The Harish K. Patel Collection at the Birmingham Museum of Art in Alabama provides a thorough record of this trend. Supported in part by a Decorative Arts Trust Dean F. Daily Grant, the exhibition Silver & Ceremony from Southern Asia, 1830–1930 features more than 150 objects and design drawings and offers a dynamic, historical journey.
Breakthroughs in milk and sugar production and distribution in the 19th century impacted silver manufacture. The development of milk pasteurization (1862), shelf-stable canned evaporated milk (1856), and sweetened and condensed milk (1864) meant greater amounts of transportable milk flooded global markets. Sugar cane originated in Southern Asia, and its successful global transplantation since the 16th century coupled with new 19th-century sources (through sugar beets) depressed global sugar prices. This price differential increased consumer access.

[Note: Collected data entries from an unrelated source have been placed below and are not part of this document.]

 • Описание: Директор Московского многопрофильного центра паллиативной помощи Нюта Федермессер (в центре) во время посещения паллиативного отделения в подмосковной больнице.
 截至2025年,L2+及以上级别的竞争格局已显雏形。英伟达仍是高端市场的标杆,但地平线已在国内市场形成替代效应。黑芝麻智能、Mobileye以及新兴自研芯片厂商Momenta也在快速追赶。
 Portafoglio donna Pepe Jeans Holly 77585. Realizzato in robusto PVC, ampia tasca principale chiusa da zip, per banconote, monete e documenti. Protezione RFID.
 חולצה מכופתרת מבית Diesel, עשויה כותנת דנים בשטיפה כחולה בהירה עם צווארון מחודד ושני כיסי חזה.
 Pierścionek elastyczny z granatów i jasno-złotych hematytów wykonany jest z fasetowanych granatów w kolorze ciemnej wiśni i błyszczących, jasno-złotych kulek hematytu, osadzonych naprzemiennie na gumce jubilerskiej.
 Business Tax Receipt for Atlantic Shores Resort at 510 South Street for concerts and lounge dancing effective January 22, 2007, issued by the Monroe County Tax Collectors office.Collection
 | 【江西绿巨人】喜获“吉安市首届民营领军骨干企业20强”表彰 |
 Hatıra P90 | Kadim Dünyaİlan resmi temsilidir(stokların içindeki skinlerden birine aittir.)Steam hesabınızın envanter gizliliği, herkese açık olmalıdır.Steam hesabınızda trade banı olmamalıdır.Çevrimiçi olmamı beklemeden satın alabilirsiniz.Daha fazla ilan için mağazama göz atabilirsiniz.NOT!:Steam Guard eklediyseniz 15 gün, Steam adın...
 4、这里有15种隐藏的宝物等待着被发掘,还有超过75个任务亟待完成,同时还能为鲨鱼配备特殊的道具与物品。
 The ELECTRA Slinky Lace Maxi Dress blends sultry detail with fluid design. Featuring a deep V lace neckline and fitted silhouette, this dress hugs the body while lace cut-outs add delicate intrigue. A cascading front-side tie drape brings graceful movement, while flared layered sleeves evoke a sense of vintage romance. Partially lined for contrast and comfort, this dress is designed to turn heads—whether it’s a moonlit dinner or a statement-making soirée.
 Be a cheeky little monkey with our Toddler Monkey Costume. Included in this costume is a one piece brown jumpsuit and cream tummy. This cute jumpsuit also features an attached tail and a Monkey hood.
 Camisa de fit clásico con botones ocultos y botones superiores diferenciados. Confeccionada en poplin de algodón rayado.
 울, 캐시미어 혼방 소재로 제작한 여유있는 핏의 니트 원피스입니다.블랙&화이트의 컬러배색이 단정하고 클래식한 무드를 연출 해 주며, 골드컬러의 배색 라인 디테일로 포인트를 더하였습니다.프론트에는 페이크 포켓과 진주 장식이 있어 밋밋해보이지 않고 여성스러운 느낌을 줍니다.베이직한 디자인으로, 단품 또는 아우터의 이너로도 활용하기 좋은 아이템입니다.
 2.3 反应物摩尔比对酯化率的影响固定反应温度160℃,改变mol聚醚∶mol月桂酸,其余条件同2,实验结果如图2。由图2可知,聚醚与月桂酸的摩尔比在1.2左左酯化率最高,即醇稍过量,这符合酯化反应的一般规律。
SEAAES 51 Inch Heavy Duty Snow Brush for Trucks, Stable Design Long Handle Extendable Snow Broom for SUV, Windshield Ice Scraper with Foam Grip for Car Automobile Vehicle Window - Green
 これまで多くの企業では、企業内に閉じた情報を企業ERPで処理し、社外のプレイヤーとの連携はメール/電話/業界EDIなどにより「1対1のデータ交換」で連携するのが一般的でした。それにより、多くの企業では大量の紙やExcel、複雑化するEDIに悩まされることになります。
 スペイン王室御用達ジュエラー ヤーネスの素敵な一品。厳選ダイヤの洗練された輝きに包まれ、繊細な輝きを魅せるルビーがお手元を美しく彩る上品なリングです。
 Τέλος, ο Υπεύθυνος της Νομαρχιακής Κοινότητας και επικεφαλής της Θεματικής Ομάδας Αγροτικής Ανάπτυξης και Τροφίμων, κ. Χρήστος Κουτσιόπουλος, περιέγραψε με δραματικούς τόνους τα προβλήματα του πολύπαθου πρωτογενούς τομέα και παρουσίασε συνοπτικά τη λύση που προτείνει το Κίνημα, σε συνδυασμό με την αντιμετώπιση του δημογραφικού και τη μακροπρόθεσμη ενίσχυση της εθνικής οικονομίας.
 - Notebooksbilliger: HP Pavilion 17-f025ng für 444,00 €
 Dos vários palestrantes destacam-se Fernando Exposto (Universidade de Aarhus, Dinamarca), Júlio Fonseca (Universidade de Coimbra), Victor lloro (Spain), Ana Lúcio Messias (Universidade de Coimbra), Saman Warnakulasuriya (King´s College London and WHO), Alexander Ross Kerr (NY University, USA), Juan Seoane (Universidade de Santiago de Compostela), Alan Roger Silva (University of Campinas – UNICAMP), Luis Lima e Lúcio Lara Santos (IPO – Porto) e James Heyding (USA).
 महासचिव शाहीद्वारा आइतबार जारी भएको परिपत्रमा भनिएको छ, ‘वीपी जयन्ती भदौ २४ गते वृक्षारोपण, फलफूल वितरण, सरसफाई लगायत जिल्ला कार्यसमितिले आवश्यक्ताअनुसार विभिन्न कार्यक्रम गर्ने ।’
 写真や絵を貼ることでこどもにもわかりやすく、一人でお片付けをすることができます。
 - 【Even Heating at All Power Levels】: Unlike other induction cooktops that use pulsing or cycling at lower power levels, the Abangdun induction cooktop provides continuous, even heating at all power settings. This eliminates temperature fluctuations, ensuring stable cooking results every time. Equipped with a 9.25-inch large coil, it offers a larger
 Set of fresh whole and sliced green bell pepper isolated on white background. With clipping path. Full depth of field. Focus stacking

Although Assam, Ceylon, and Darjeeling teas are global varietals on today’s market, Indian, Singhalese, and British planters only developed them on a commercial scale in the late 19th century. Robust advertising campaigns—supported by 19th-century advances in printing, papermaking, mail order, and postal services—effectively converted many tea drinkers from Chinese sources to Southern Asian options.1
Magnificent silver tea services, like a three-piece set (figure 1) by the famed Indian silversmith O.M. Oomersee Mawji, promoted greater use of new sources of less-expensive silver, tea, milk, and sugar while serving as aspirational vehicles to a more elite lifestyle. The service showcases the poignant struggle of a partridge family, where all three birds stand upon snakes. One snake chokes the mother’s throat, her mouth open in alarm. She is the teapot, and her chicks are for cream and sugar. This is possibly a political commentary on the British chokehold of southern Asia.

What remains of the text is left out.